- **About this task**
Once you reach the line with "- Dishwasher, Disposal, Dryer, Electric" in the material below, copy each line exactly up to and including the line with "Alba con inquietud.", and skip the pictures.

- **Extracted entries**
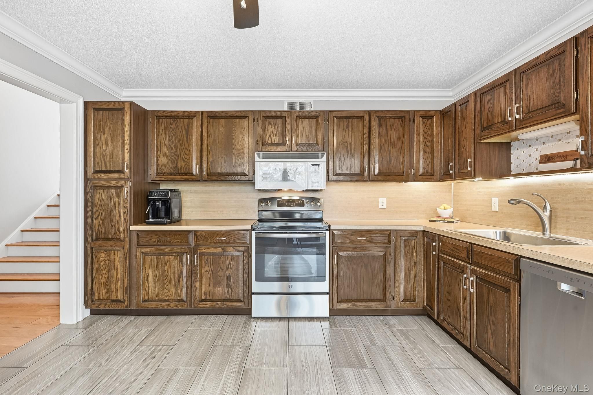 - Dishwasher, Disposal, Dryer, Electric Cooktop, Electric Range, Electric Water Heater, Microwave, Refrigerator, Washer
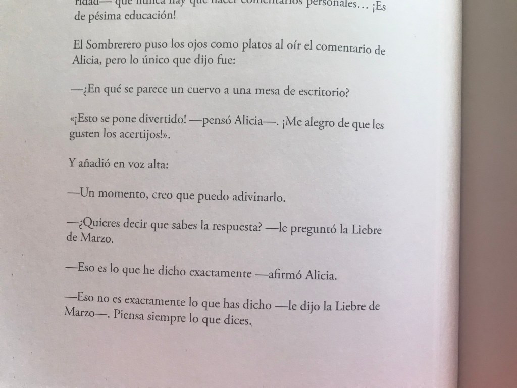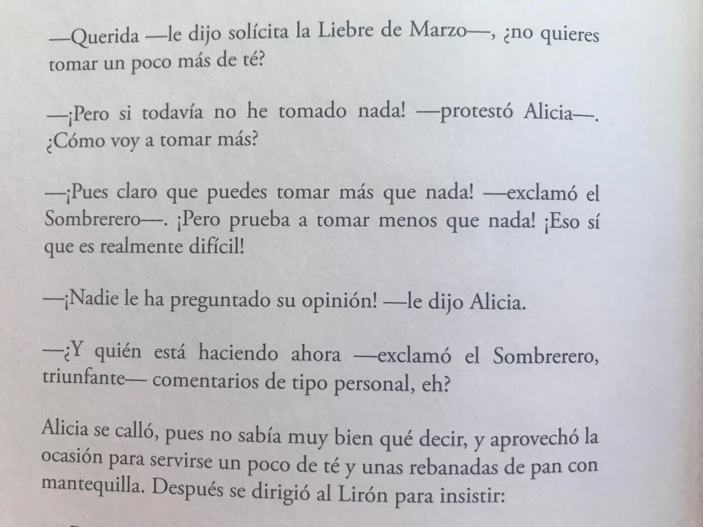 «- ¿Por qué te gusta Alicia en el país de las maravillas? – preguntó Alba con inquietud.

* * *

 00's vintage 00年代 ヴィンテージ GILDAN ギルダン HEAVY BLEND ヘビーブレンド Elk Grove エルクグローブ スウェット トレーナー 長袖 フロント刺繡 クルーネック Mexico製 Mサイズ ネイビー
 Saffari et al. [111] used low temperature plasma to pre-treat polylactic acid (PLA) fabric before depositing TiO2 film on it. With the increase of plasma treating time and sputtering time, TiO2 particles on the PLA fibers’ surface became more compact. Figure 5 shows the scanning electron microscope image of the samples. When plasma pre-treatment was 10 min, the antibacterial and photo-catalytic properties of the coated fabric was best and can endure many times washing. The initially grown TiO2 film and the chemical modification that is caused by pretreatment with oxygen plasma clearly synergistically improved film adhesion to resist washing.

- **Result for this task**
 - Dishwasher, Disposal, Dryer, Electric Cooktop, Electric Range, Electric Water Heater, Microwave, Refrigerator, Washer
 «- ¿Por qué te gusta Alicia en el país de las maravillas? – preguntó Alba con inquietud.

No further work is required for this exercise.